So we get in the station wagon with my guys who come up
to help open the house up and we drive to Chester, the
little town maybe a mile from the airport, before we go
to my house. And we’re in the gas station refilling the
car and I know we don’t have any groceries in the house
so I say to—what shall I call him? I don’t want to
identify him. Is there a name that I can use? I don’t
have anybody named Jacob, so let’s call him Jacob,
though everybody that works with me knows who he is.

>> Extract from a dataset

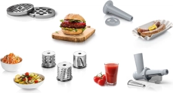 - Grande polyvalence de l’appareil. Avec cet appareil, vous pouvez non seulement hacher la viande, mais aussi couper les légumes et les fruits de différentes manières, râper les pommes de terre pour des galettes, etc.

“Jacob….” Now there’s a grocery store across the
street. It’s a big four-lane road going through town,
cars coming and going, and we’re at the service station
on the other side. I say “Jacob, go over to that
grocery store…” and I was gonna say, “and get the
following things.” But when I said ‘go’ he started
moving, and when I said ‘over to the grocery store’ he
was turning that direction and by the time I got to the
end of the sentence he was across the road. No idea
what I wanted to buy at the grocery store, but he was
going to the grocery store.
That’s me with God. That’s Jacob in the Old Testament.
There was nothing wrong with what Jacob set out to do.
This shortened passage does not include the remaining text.